Network placement	Each VM gets its own ENI in a dedicated runner subnet, with a per-VM Security Group enforcing egress. VMs sit in a dedicated VPC subnet split across three availability zones
VM runtime	One VM per queued job; the platform provisions the VM when the job is queued, then destroys it when the job completes. Per-job wall-clock cap (60 min default, 360 min hard ceiling) is enforced on the runner
Reaper backstop	A separate, out-of-band reaper deletes orphan VMs — runner never registered, runner exited but the delete was missed, VM age beyond its reap deadline, or an absolute 6h10m backstop.
Runner binary	Upstream `forgejo-runner` (`act_runner`) v12.10.2, no fork. Registers ephemerally with `--ephemeral`, picks one task, then the runner process exits and the platform destroys the VM
VM image	The hosted runner image — debian 13 (trixie) base, baked with toolchains from EU-cached binaries (no direct upstream pulls during boot). Image is the VM’s boot disk; Docker daemon is pre-installed and runs natively on the VM (no separate sidecar). Cold start is ~25 s, ~5 s when a warm-pool VM is already provisioned

Isolation guarantees

Network isolation (per VM)

Every runner VM gets its own ENI bound to a per-VM Security Group. The SG denies, by default, all traffic except:

DNS (53/UDP, 53/TCP) to the platform’s internal DNS resolver
Egress through the runner egress proxy — the only outbound HTTP path

Customer code cannot reach:

The fremforge api or its private database
Forgejo’s internal endpoint (runner VMs talk to Forgejo through the public Bunny-fronted apex with a runner-specific scope; the internal endpoint is unreachable)
T Cloud Public platform services (RDS, DCS, OBS, SFS-Turbo, IAM, KMS)
Other tenants’ runner VMs
The cluster’s metadata IP (169.254.169.254) — explicitly blocked at the SSRF guard
RFC1918 private ranges or loopback

The Security Group is applied at VM provisioning and cannot be modified from inside the VM — the VM has no IAM agency attached, so the network-config APIs are unreachable through the metadata-derived identity.

Outbound egress

Customer workflow steps that need the public internet (cloning a public repo, downloading a tool, calling a SaaS API) route through the runner egress proxy via HTTPS_PROXY injected into the VM. This proxy:

Accepts any public unicast IP including Carrier-Grade NAT (matches GitHub-hosted runner behaviour — needed for T Cloud Public’s own services like SWR which sit in CGNAT)
Blocks RFC1918 private, link-local, loopback, multicast, reserved, and explicit cloud-metadata IPs (169.254.169.254, T Cloud Public’s 100.100.100.200)
Logs every CONNECT tunnel attempt with hostname + resolved IP for audit retention

The proxy is deliberately permissive in the GitHub-hosted-runner sense: customer workflows can reach any public host they need. The boundary is at SSRF + internal-platform, not at vendor allowlists.

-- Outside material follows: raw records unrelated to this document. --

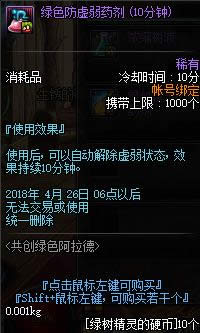 | 使用后,可以自动解除虚弱状态,效果持续 10分钟。
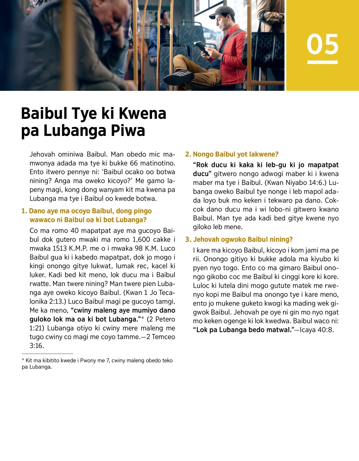 1. Dano aye ma ocoyo Baibul, dong pingo wawaco ni Baibul oa ki bot Lubanga?
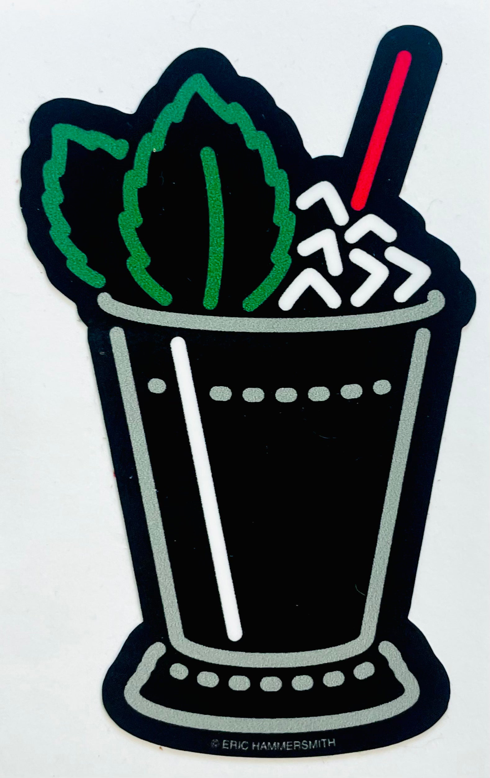 Vinyl sticker of a neon mint julep cup, by local artist Eric Hammersmith

Package caches (sovereign, EU-resident)

Before a workflow reaches the public internet, the common package-manager fetches are routed through in-VPC pull-through caches — EU-resident, fast, and they keep dependency traffic off US-hosted public indexes. Each runner has these injected as the default index/registry:

Ecosystem	Cache	Injected as
npm / pnpm / yarn / bun	Verdaccio	`NPM_CONFIG_REGISTRY`, `COREPACK_NPM_REGISTRY`, …
Python (pip / uv)	proxpi	`PIP_INDEX_URL` (+ `PIP_TRUSTED_HOST`), `UV_DEFAULT_INDEX`
Go modules	Athens	`GOPROXY` (Go module and checksum-DB proxy — `GOSUMDB` validation is preserved through the cache)
Docker images (Docker Hub)	distribution	dockerd `registry-mirrors`
Trivy vulnerability DB	cache-ghcr (in-VPC mirror of `ghcr.io/aquasecurity`)	`TRIVY_DB_REPOSITORY`, `TRIVY_JAVA_DB_REPOSITORY` — so a `trivy` scan in your workflow pulls the vuln-DB from the EU cache instead of ghcr.io directly

For the common case (public dependencies) this is transparent — the caches proxy the public index, so nothing in your workflow changes.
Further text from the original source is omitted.